Blurp

A blurp is not a burp.
No.
Surely, it's much worse.
It rushes out of both ends,
Like a vacuum in reverse.
A hiccup, burp, and sneeze, and cough
Come all at once,
The bomb goes off.
Both eyes pop out,
Your head explodes,
And all your body juice unloads.

A snoff is both a cough and sneeze,
It crosses eyes and weakens knees.
A belchy hiccup's called a hurp,
It's slightly worse than any burp,
But watch out for the worst of all -
The catastrophic blurp.


-B.C. Byron
This is what happens when you burp, sneeze, cough, and pass gas all at once.

There’s a rumor out there that your eyes will pop out of the sockets if you open your them during a sneeze. There’s another claim that your head will explode from the pressure if you hold a sneeze back completely.
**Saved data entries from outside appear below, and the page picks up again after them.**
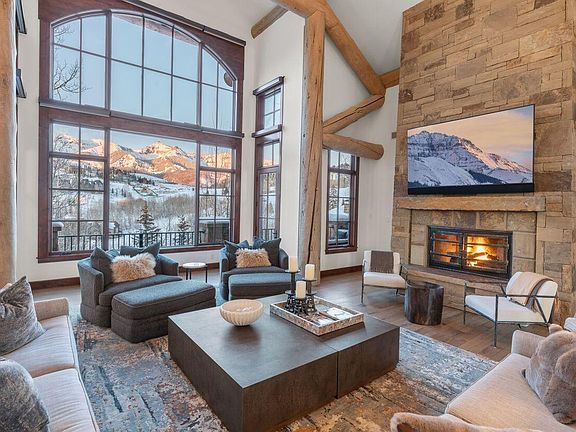 Located on one of the best lots in Mountain Village, this recently remodeled family compound offers luxury living at its finest. The extensive renovation includes a brand-new kitchen, fully updated bathrooms, a state-of-the-art golf simulator, and much more. The property features 8 spacious bedroom suites, 8 full bathrooms, 2 half bathrooms, and a separate guest house, providing ample space for both family and guests. Ski-in/ski-out access is right at your doorstep, with the home located directly on The Galloping Goose ski run and the 3rd fairway of the Telluride Golf Course. Enjoy dramatic San Sophia views, excellent solar exposure, and expansive outdoor living spaces. The property is bordered by open space on two sides, offering the perfect balance of privacy and access.
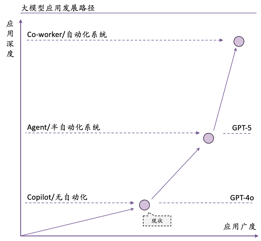 我们认为大模型已经在多个行业实现覆盖,应用广度较好,但应用深度依然受到模型能力限制。大模型未来将按照从Copolit/智能助手阶段,到Agent/半自动化阶段,再到Co-worker/自动化的方向演进,目前的大模型处于智能助手阶段,难以完成自动化任务,需要等待模型能力和产品形态的突破。
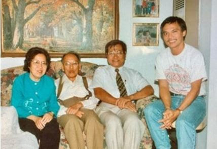 Hình 10 A: Một tuần sau mổ, ngày 28/09/1995, Phạm Xuân Cầu YKSG 74 từ Irvine chở Võ Văn Thành YKSG 74 mới từ Sài Gòn qua, đến thăm Thầy Cô ở Alhambra, bên trái Thầy là Võ Văn Thành và Phạm Xuân Cầu. Thầy Cô đã đãi 2 trò bữa ăn rất thịnh soạn tại một tiệm ăn Tàu ở Monterey Park và không cho phép 2 học trò được trả tiền. [tư liệu và ghi chú của Phạm Xuân Cầu]
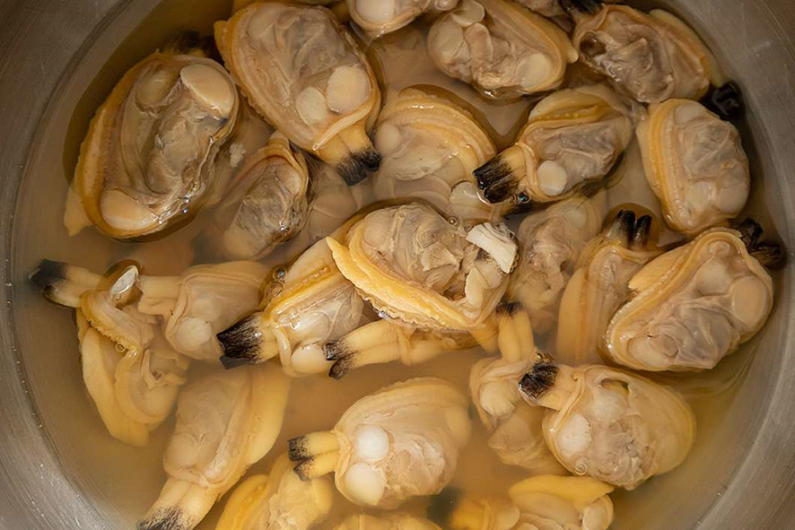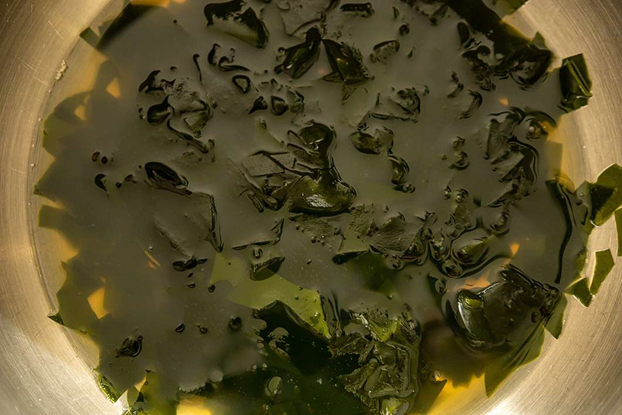 米を炊いている間に▼02のあさりを殻から外し、残った▼02の煮汁に漬けておく。わかめも同様に煮汁に漬けておく。
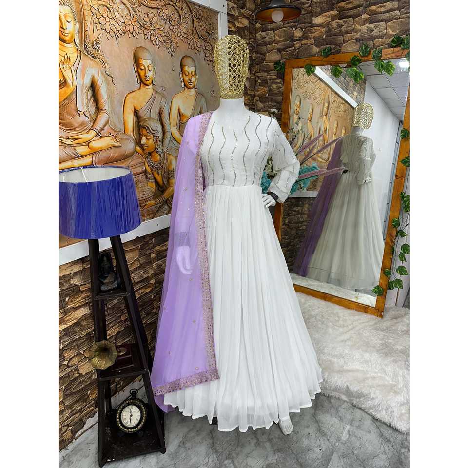 Designer Evening Dresses Stylish Anarkali Gown with Beautiful Dupatta and Peent for Party Wear
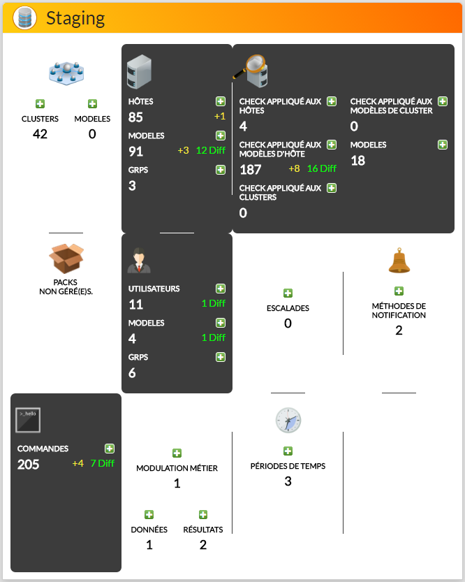 Le fonctionnement du tableau de synthèse est le même que pour l'administrateur Shinken mais seuls les hôtes en Staging visible pour l'administrateur de SI et le compte de l'utilisateur sont comptés.

I’ve done both of these more than once and I still have my eyes and head in place. It wasn’t thad bad actually and not as hard to do as you’re probably thinking. But what about a hiccup, burp, cough, sneeze, and gas happening all at once? Does the pressure add together or even multiply causing the disturbing scene above? Would your pants blast open at the back and your eyeballs jump from their holes as you’re wracked with bodyquakes from head to foot? I’d really like to know, as long as I don’t have to experience it myself – just as a an observer from a safe distance.

For the sake of furthering science, I’m calling for volunteers to test the blurp theory. The experiment involves chugging soda and eating gassy foods, then corking all the pressure exit points except one nostril (so you can breathe). As a feather is applied to the one open nostril, a de-corking mechanism unblocks the orifices all at once. Easy-peasy. Our test subject will be modestly compensated, of course, and their family will receive all funds in the event that the experiment goes as expected and your head actually does explode. Imagine if you don’t die, though. You’d be sure to get a page in Ripley’s Believe It or Not and a massive number of video views on all social media apps. Fame, fortune, glory, and scientific progress – all thanks to your pioneering bravery. The first blurp in history.
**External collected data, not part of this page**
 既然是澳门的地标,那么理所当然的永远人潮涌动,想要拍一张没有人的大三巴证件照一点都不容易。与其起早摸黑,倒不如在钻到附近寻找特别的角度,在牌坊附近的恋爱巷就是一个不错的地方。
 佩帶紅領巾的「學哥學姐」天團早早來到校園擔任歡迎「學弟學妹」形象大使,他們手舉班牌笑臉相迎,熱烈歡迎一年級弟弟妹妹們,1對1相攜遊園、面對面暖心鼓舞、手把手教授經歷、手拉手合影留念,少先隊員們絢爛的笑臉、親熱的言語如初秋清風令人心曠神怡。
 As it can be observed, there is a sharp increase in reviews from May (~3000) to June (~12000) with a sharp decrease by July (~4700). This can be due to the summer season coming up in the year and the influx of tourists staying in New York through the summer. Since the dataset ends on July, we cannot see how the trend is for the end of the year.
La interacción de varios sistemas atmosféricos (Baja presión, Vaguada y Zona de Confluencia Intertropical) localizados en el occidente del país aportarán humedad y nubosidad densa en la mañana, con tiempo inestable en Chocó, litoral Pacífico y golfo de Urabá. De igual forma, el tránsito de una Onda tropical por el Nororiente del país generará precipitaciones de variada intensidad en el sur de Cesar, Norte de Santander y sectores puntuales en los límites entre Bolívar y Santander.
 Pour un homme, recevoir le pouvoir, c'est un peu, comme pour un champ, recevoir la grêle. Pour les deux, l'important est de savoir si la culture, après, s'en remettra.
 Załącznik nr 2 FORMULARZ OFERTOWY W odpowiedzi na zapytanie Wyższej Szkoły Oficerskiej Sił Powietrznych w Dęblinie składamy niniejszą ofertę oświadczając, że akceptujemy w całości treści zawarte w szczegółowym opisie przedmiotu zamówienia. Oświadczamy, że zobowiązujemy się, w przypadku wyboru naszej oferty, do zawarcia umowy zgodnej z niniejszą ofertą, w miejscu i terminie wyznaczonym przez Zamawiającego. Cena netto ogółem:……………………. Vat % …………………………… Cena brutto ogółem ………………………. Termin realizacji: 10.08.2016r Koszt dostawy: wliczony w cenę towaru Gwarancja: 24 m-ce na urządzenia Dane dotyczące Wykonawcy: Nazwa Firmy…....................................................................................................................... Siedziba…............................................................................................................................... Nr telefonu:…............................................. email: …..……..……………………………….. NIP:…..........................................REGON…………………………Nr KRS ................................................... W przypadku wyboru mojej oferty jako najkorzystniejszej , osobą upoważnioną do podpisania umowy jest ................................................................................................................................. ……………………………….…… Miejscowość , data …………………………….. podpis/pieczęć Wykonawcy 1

If that sounds too risky, I have some other experiments you could sign up for involving microwaves and porcupines, but that’s a poem for another time.

Gimme’ Five

Gimme' five
Gimme' ten
On the side
Round the bend
Backwards five
And now, a low five
Use your foot to give a toe five
Way up here
Another HIGH five
Fingers out
Let's try an EYE five

-B.C. Byron
For some reason, the eye five has never gained the popularity of the high five

I’ve seen some pretty elaborate high five routines, some taking several minutes to complete. High five, knuckle bump, elbow bump, face slap, finger wiggle, robot, nose pinch, high foot, all ending with “duuuuude”. Then another friend enters the room and the ritual starts over again. By round ten, the now red-knuckled, exhausted pals have forgotten why they came by in the first place. In high school, everyone group of friends seemed to have their own unique sequence and I was the only one that could never get the whole thing down. It was almost as difficult as memorizing the 30 extra lives code on Contra (an original Nintendo game). Was it a-b-a-b-up-down-a-b? You also had to get timing just right or end up rebooting the Nintendo and waiting a whole minute to try again. In the case of high five rituals, poor timing risked a poke in the eye or an awkward pause that kills the whole greeting.

For some reason, my eye five routine never really caught on with the other kids. I tried a few other fives as well – The hug five (for the girls), the throat five, the scream like you’re on fire five, take a bite of each other’s lunch five, nostril five – all complete bombs. There was apparently some unspoken set of high five rules that I wasn’t privy to.

This internet age has seen a decline in high fiving as so many social interactions are done through screens. I think we need to invent a digital equivalent of the five. You might be thinking emojis fill that role, but I would disagree. Emojis lack that hand-stinging, personal space invasion. A mere picture of fiving hands is not enough. Perhaps phone makers could install an impact detector on the screen side of your mobile to facilitate the new age high five. Users could smack the screen when a friend’s face appears and the detector triggers a success sound if the power of the hit registers as numbing-pain level. We might need to make tougher screens and bulkier phones, but somehow we’ve got to keep these important traditions alive.